* **Exercise aim**: Look below for the lines from the one with "本教程跟其他转手绘教程基本类" to the one with "Die Wohnung überzeugt", and copy exactly those lines, both ends included.

* **Information given**:
###

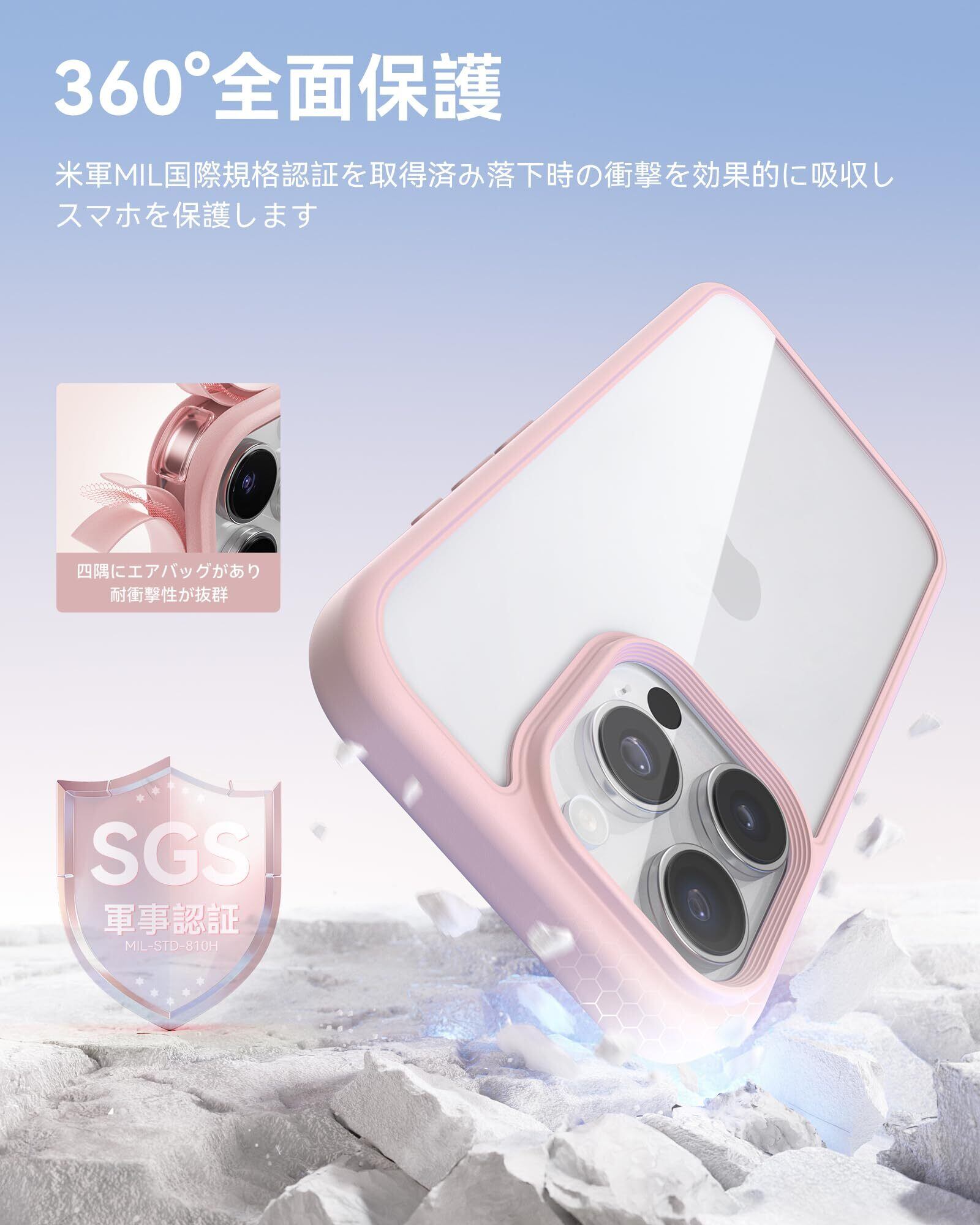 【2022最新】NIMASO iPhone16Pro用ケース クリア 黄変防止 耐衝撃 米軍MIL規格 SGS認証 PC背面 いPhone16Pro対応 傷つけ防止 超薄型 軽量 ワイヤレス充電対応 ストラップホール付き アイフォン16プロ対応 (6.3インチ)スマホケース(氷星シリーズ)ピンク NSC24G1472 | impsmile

###

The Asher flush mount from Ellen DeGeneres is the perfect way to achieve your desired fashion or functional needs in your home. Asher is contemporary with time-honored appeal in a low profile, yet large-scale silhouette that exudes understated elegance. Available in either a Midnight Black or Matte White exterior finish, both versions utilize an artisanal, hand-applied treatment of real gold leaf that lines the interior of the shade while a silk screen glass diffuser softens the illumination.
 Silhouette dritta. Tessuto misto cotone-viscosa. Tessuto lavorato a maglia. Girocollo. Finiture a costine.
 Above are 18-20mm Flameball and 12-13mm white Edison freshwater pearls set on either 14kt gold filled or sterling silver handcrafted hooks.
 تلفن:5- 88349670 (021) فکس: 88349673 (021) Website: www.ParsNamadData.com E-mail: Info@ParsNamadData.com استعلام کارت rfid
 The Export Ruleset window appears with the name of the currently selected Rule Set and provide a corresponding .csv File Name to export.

###

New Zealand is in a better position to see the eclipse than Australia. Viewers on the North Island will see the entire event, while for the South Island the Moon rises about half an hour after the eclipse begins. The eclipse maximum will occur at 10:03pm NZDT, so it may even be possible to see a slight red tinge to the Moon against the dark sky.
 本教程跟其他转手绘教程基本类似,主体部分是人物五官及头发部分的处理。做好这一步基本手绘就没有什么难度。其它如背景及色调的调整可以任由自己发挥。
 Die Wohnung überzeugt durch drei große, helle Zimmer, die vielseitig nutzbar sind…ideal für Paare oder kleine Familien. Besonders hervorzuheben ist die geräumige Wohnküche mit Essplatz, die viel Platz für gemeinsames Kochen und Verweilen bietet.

###

* **Task result**:
 本教程跟其他转手绘教程基本类似,主体部分是人物五官及头发部分的处理。做好这一步基本手绘就没有什么难度。其它如背景及色调的调整可以任由自己发挥。
 Die Wohnung überzeugt durch drei große, helle Zimmer, die vielseitig nutzbar sind…ideal für Paare oder kleine Familien. Besonders hervorzuheben ist die geräumige Wohnküche mit Essplatz, die viel Platz für gemeinsames Kochen und Verweilen bietet.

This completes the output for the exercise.